Clague M B, Keir M J, Wright P D, Johnston I D
Clin Sci (Lond). 1983 Aug;65(2):165-75. doi: 10.1042/cs0650165.
Whole-body protein metabolism was determined by a primed constant-rate infusion of L-[ 1-14C ]leucine in patients before and after elective surgery, the nutritional intake being carefully controlled and the surgical stress in individuals being assessed. Pre-operatively, whole-body protein flux (P less than 0.05) and synthesis (P less than 0.05), along with amino acid oxidation (P less than 0.01), increased with nutritional intake whereas protein breakdown remained unaltered. Whole-body protein balance also correlated with intake (P = 0.001). Postoperatively, whole-body protein metabolism was determined with patients either fasted (group 1) or fed (group 2) and the change in metabolism in each individual from a pre-operative study, carried out in the fed state, was calculated. Whole-body protein breakdown increased in both groups (group 1, + 0.91 +/- 0.74 g day-1 kg-1; mean +/- SD, n = 7: group 2, + 0.47, + 0.63 and + 1.01 g day-1 kg-1, n = 3), the change being significant in those fasted after surgery (P less than 0.05). However, the pattern of change in whole-body protein synthesis was entirely different in each group, rising in those fed throughout (+ 0.32, + 0.41 and + 0.66 g day-1 kg-1, n = 3) but falling in those fasted after surgery (-0.38, -0.80 and -1.33 g day-1 kg-1, n = 3). The changes in metabolism appeared more marked in those undergoing greatest surgical stress. Some of the factors involved in the calculations are discussed and their effects on the overall conclusions are considered. A concept of whole-body protein metabolism in the metabolic response to trauma is advocated whereby protein breakdown is largely obligatory to the response, whereas synthesis responds to substrate availability.

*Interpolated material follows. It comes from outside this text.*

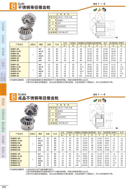 SUM不銹鋼等徑錐齒輪

通过对择期手术患者进行L-[1-14C]亮氨酸的首剂恒速输注来测定全身蛋白质代谢,同时仔细控制营养摄入并评估个体的手术应激情况。术前,随着营养摄入的增加,全身蛋白质通量(P<0.05)和合成(P<0.05)以及氨基酸氧化(P<0.01)均增加,而蛋白质分解保持不变。全身蛋白质平衡也与摄入量相关(P = 0.001)。术后,对禁食患者(第1组)和进食患者(第2组)测定全身蛋白质代谢,并计算每个个体相对于术前在进食状态下进行的研究中代谢的变化。两组全身蛋白质分解均增加(第1组,+0.91±0.74 g·天-1·kg-1;平均值±标准差,n = 7;第2组,+0.47、+0.63和+1.01 g·天-1·kg-1,n = 3),术后禁食患者的变化具有显著性(P<0.05)。然而,每组全身蛋白质合成的变化模式完全不同,持续进食的患者蛋白质合成增加(+0.32、+0.41和+0.66 g·天-1·kg-1,n = 3),而术后禁食的患者蛋白质合成减少(-0.38、-0.80和-1.33 g·天-1·kg-1,n = 3)。手术应激最大的患者代谢变化似乎更明显。文中讨论了计算中涉及的一些因素,并考虑了它们对总体结论的影响。文中提倡一种在创伤代谢反应中全身蛋白质代谢的概念,即蛋白质分解在很大程度上是反应所必需的,而合成则对底物可用性做出反应。